The announcement has stirred expectations that health authorities might revise treatment protocols.

“We will examine the results and take appropriate decisions,” Raman Gangakhedkar, head of the communicable diseases division at the Indian Council of Medical Research and member of an ICMR task force on clinical research, told The Telegraph.

The preliminary observations emerge from a randomised clinical trial in the UK in which 2,104 Covid-19 patients received 6mg dexamethasone once a day for 10 days and 4,321 patients received the standard care, the Oxford researchers said.

Among patients who received the standard care, the 28-day mortality rate was 41 per cent among those who required ventilation, 25 per cent among those who required oxygen alone and 13 per cent among those who did not need oxygen support.

The researchers said dexamethasone reduced deaths by about 35 per cent among the ventilated Covid-19 patients and by 20 per cent among patients receiving only oxygen but did not benefit the patients who did not require respiratory support.

The UK government’s chief scientific adviser, Sir Patrick Vallance, called it a “ground-breaking development in our fight against the disease”. He said the result was “particularly exciting as dexamethasone is a widely available medicine”.

The results come against the backdrop of dozens of clinical trials worldwide to test the efficacy of several novel and known drugs in the treatment of Covid-19.

“Compared to some of the prohibitively expensive drugs, dexamethasone is cheap — just a couple of rupees,” said Shri Prakash Kalantri, professor of medicine at the Mahatma Gandhi Institute of Medical Sciences, Wardha.

“The results of this trial do look like a David versus Goliath tale.”

Doctors have welcomed the results but cautioned that they have not been peer-reviewed yet.

Some have also underlined what they say are troublingly high mortality rates among the patients in the control arm of the study.

Concerns about the lack of peer review have heightened in recent weeks after two medical journals withdrew a Covid-19 paper each, citing issues relating to the data used for those papers.

Atul Gawande, a surgeon, writer and public health researcher at the Brigham and Women’s Hospital in Boston, tweeted on the announcement: “It will be great news if dexamethasone, a cheap steroid, really does cut deaths by 1/3 in ventilated patients with Covid19, but after all the retractions and walk backs, it is unacceptable to tout study results by press release without releasing the paper.”

Existing treatment guidelines in India and elsewhere already recommend another steroid called methylprednisolone, doctors said.

“Most of my patients in intensive care are already receiving methylprednisolone,” said Shikha Panwar, a critical-care medicine specialist in Faridabad, Haryana.

“My understanding is that patients with severe disease are receiving this across the country.” In low doses, Panwar said, steroids serve as “immunomodulators” that calm the immune system piqued by the viral infection.

Raymond Savio, a critical-care specialist in Chennai, said that dexamethasone was already being used occasionally on Covid-19 patients.

But, he said, he was surprised at the high (13 per cent) mortality reported by the UK group in patients who did not require any respiratory support.

“The mortality in the control group unnerves me,” said Kalantri. “The 25 per cent mortality in those who needed oxygen and 13 per cent in those who did not require any respiratory intervention is something we need to understand better.
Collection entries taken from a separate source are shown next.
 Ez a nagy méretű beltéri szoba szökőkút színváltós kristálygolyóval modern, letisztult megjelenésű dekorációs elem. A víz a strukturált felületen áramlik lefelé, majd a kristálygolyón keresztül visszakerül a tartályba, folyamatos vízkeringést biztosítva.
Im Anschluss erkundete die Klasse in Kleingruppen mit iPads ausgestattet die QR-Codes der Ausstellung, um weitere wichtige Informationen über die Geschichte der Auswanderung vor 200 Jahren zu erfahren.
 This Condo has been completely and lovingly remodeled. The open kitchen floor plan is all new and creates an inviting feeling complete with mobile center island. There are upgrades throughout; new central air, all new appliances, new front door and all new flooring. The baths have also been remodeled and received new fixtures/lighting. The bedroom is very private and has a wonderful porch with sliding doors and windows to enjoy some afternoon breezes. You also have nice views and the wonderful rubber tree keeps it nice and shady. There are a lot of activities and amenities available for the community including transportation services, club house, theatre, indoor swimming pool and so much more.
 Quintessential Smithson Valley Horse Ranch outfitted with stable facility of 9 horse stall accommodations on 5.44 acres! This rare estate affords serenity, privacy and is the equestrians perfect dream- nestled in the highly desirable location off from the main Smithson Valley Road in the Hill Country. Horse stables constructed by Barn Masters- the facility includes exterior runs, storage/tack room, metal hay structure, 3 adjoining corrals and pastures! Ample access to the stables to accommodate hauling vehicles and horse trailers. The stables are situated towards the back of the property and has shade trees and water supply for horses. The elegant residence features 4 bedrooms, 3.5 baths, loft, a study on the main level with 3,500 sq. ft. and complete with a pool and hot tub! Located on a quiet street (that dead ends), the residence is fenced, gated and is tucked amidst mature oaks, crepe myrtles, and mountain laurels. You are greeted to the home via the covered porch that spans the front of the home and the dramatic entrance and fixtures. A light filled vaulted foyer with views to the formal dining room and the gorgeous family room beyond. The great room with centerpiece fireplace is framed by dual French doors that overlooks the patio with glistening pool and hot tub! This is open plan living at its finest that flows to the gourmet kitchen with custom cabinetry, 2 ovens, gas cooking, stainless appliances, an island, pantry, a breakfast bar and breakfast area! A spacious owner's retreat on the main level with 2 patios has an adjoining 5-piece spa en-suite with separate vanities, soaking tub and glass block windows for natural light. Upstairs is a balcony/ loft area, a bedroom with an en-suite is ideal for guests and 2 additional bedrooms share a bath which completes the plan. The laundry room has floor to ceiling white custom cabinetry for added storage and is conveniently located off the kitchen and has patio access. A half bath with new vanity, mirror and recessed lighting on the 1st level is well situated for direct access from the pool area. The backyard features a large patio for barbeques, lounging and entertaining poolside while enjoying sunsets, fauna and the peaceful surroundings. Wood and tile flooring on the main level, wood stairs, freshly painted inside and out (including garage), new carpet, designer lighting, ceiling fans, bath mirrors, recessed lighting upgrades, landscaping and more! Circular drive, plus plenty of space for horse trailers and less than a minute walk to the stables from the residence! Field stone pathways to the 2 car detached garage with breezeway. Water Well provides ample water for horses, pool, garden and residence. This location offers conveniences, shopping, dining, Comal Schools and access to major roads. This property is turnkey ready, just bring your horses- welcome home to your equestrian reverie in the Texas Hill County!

Before we extrapolate the results of the study, we must examine that the study patients are broadly similar to the patients we are treating.”
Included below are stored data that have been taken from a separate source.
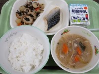 献立はごはん・牛乳・さばの塩焼き・じゃがいものいそ煮・五目汁です。
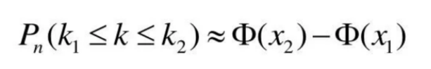Если вероятность р наступления события А в каждом испытании постоянна (0<<1), то вероятность того, что число к наступлений события А в n независимых испытаниях заключено в пределах от K1, до К2 при достаточно большом числе и приближенно равно:
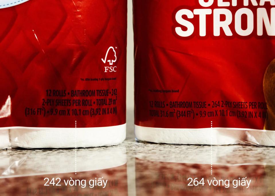 Gần đây, trang Mouse Print đã phát hiện tình trạng shrinkflation trong giấy vệ sinh. Ông Dworsky viết: “Hầu như mọi nhãn hiệu giấy vệ sinh đều giảm kích cỡ trong nhiều năm qua".
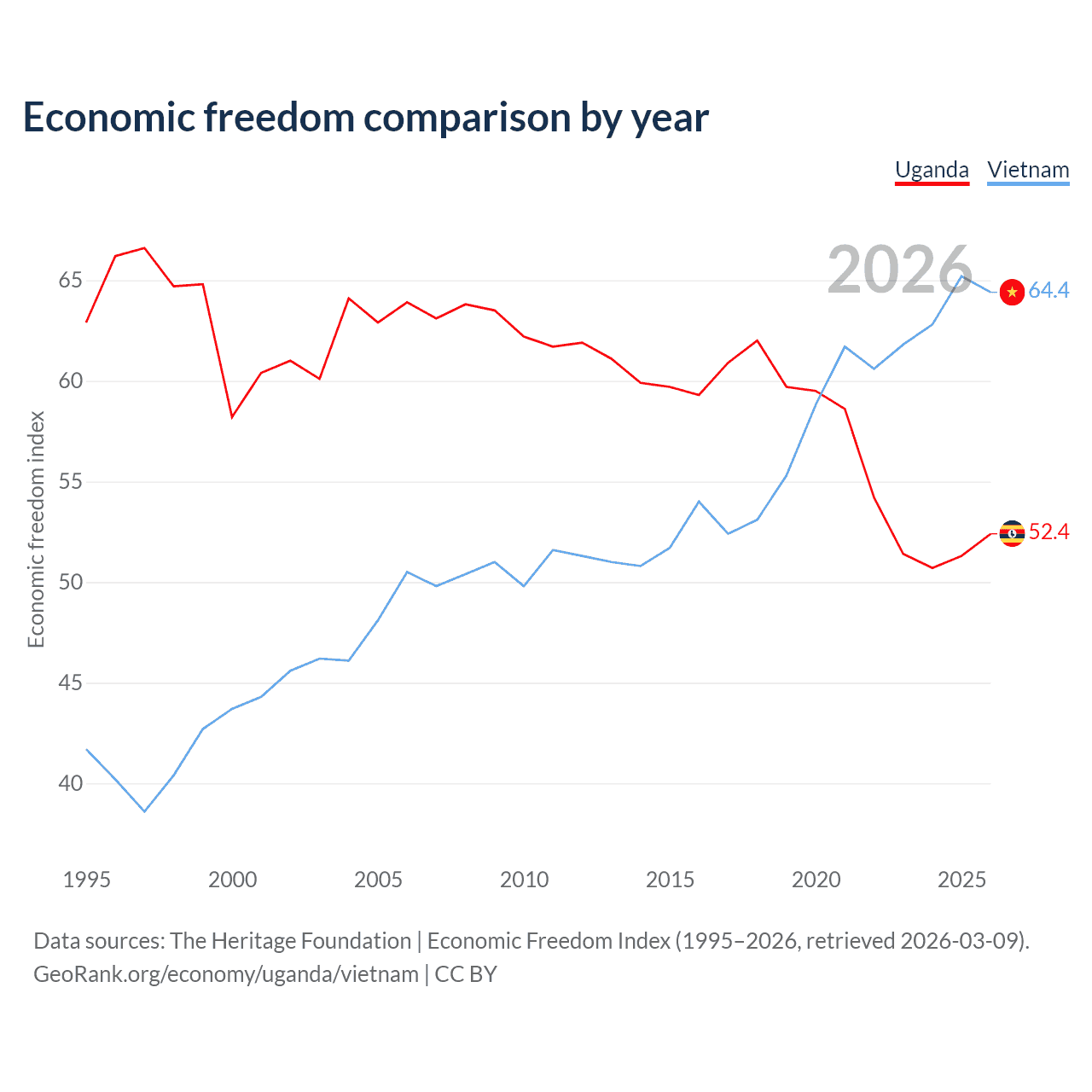 The Economic Freedom Index for Uganda is 52.4, ranking 149/197, compared to 64.4 for Vietnam, ranking 73/197. The chart above displays a comparison of annual changes in economic freedom indexes.
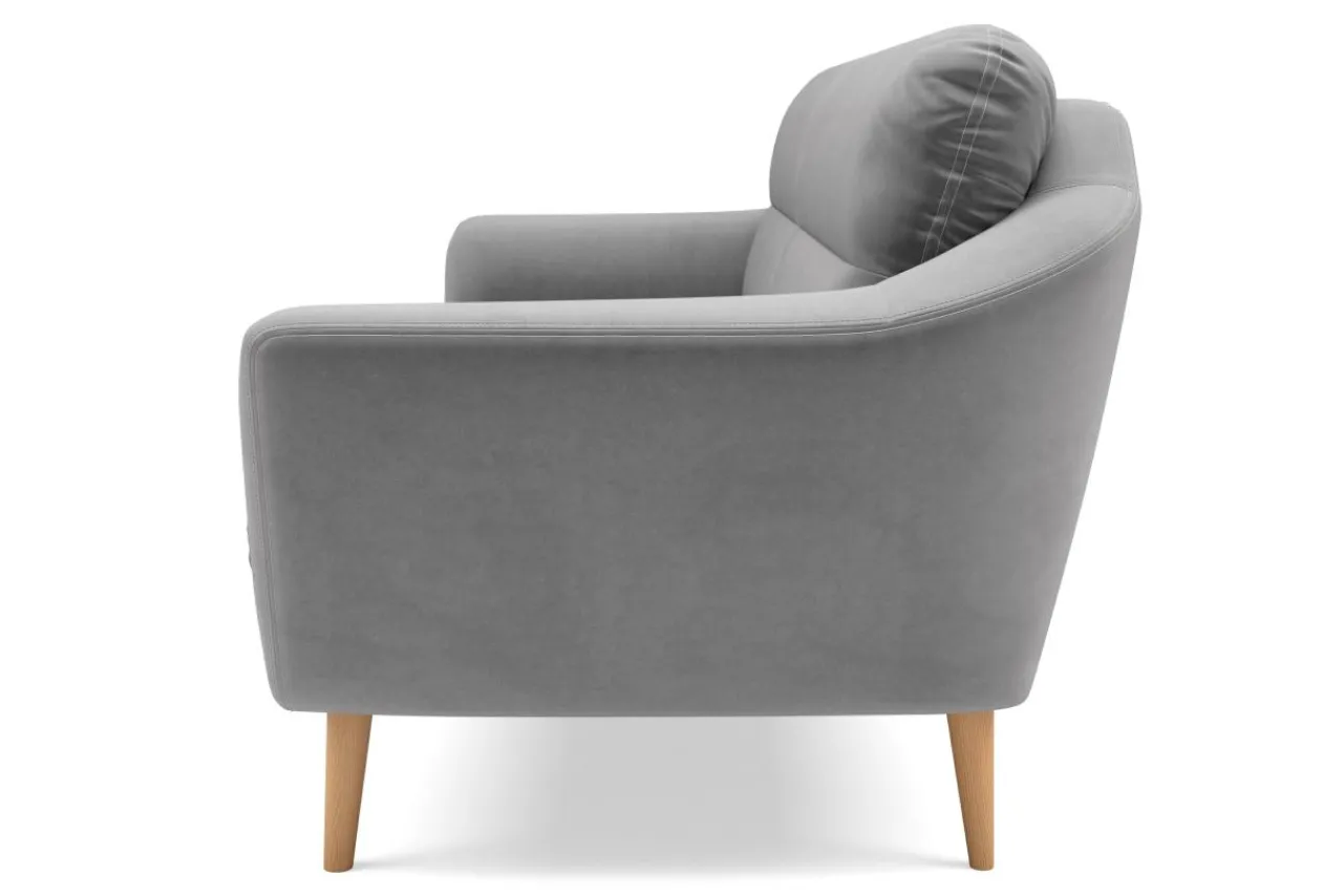 Wąskie podłokietniki zwiększają powierzchnię użytkową, a wysokie nóżki nadają bryle lekkości i ułatwiają utrzymanie czystości pod meblem.

Doctors said that observations across the world suggest that roughly 80 per cent of patients have mild symptoms and only around 5 per cent need critical care and ventilation.

But, Kalantri said, the strength of the Oxford clinical trial lies in its large numbers. “It is a well-powered trial — the drug is cheap, it costs just a couple of rupees, enjoys a long familiarity in the medical community and requires no complex monitoring,” he said.